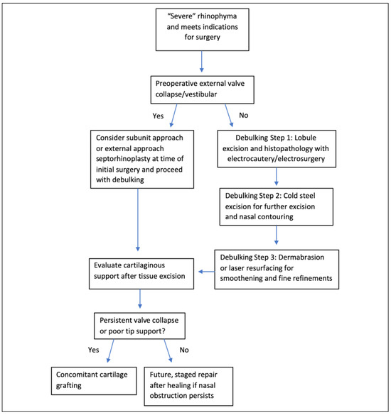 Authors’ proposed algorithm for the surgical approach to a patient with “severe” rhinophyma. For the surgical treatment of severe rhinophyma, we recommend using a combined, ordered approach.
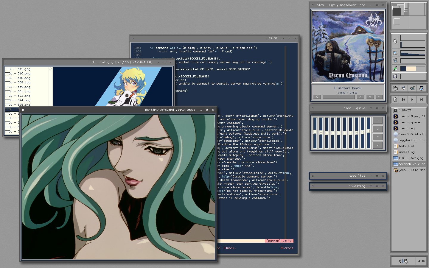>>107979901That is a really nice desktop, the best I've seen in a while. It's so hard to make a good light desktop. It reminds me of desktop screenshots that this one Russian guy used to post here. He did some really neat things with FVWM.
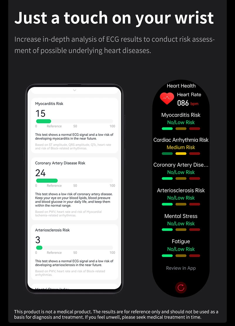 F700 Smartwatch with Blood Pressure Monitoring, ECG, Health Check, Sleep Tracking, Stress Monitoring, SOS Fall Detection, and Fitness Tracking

==

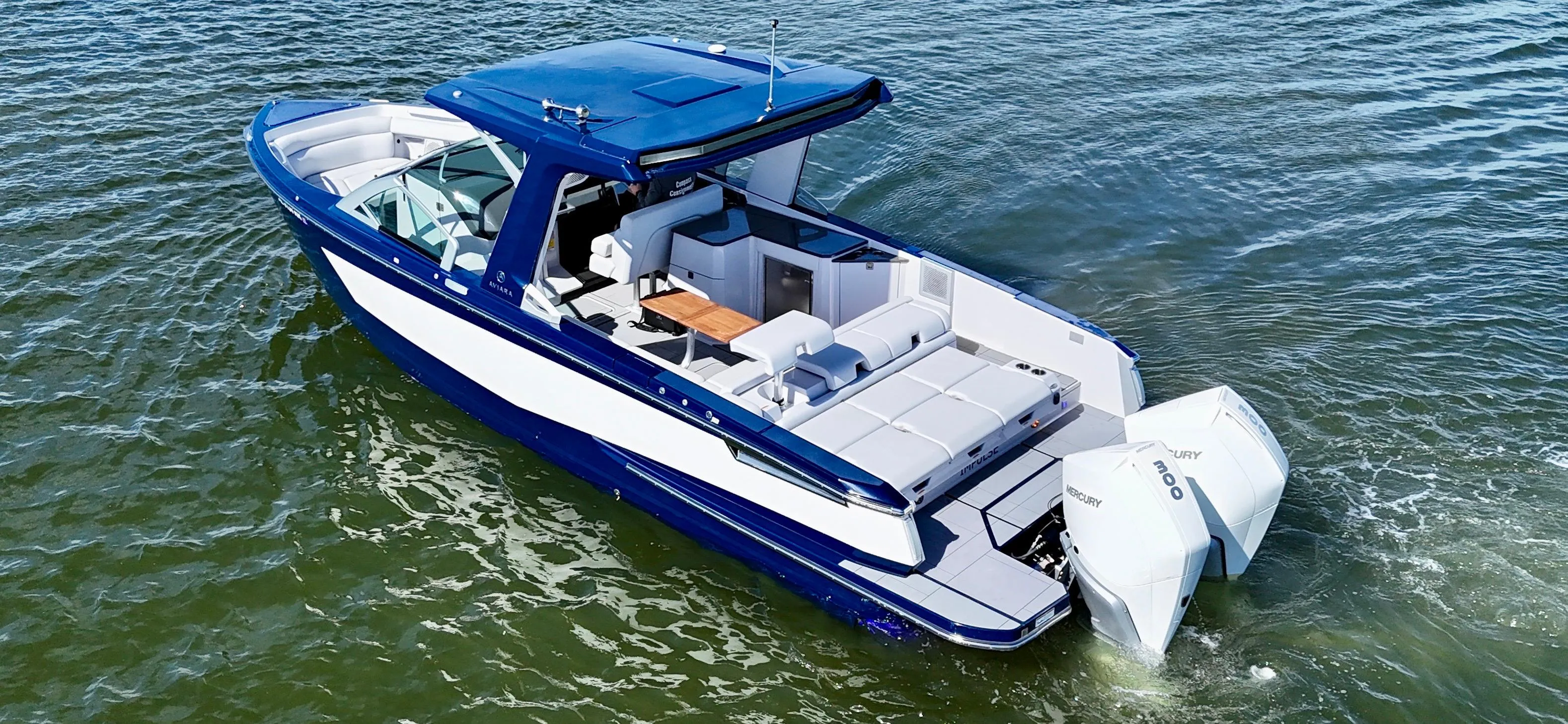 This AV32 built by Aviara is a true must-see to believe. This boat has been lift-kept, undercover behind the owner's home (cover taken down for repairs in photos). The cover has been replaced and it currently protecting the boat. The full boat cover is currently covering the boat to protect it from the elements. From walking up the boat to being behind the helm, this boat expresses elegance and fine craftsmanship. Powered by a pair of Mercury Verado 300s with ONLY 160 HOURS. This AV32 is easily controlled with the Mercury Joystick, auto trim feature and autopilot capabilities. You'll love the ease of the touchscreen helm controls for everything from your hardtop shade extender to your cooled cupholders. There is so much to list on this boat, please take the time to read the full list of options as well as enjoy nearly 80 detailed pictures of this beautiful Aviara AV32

==

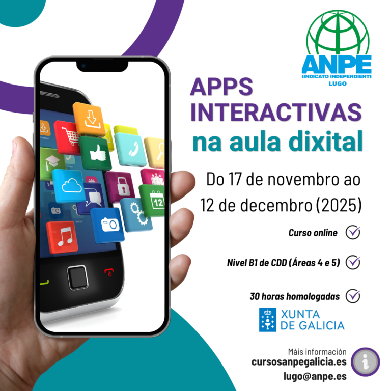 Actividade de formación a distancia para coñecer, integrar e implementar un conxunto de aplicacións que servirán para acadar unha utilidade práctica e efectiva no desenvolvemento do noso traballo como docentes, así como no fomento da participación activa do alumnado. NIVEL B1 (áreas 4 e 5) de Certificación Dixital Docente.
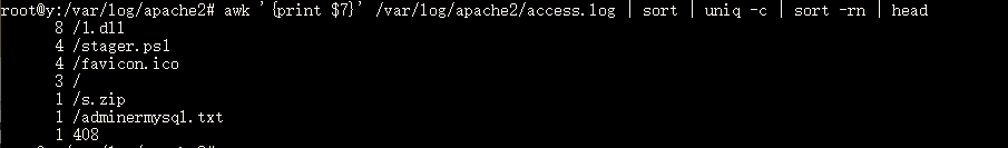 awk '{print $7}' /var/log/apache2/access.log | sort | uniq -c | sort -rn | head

Goal of the exercise:
To complete this exercise, transcribe exactly the lines above from the one that holds "Authors’ proposed algorithm" through the one that holds "F700 Smartwatch with". Pictures stay out.

Answer box:
 Authors’ proposed algorithm for the surgical approach to a patient with “severe” rhinophyma. For the surgical treatment of severe rhinophyma, we recommend using a combined, ordered approach.
>>107979901That is a really nice desktop, the best I've seen in a while. It's so hard to make a good light desktop. It reminds me of desktop screenshots that this one Russian guy used to post here. He did some really neat things with FVWM.
 F700 Smartwatch with Blood Pressure Monitoring, ECG, Health Check, Sleep Tracking, Stress Monitoring, SOS Fall Detection, and Fitness Tracking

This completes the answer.